Required action: Quote word for word from the line holding "Altın renkli, zincir" to the last line below, including both, and omit any pictures.

The data:

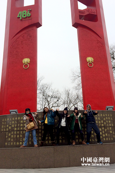 两岸青年在东关街合影留念。(中国台湾网 王亚静 摄)
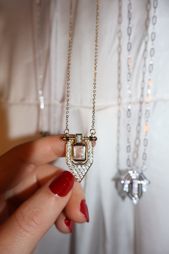 Altın renkli, zincir detaylı ve taşlı kolye. Günlük kullanıma uygun kısa uzunlukta.
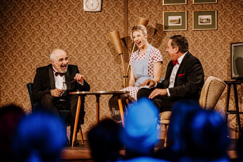 v.li.: Michael Niavarani, Jenny Frankl und Viktor Gernot.Bild: © Hoanzl / ORF / Nadine Studeny

Finished task:
 Altın renkli, zincir detaylı ve taşlı kolye. Günlük kullanıma uygun kısa uzunlukta.
 v.li.: Michael Niavarani, Jenny Frankl und Viktor Gernot.Bild: © Hoanzl / ORF / Nadine Studeny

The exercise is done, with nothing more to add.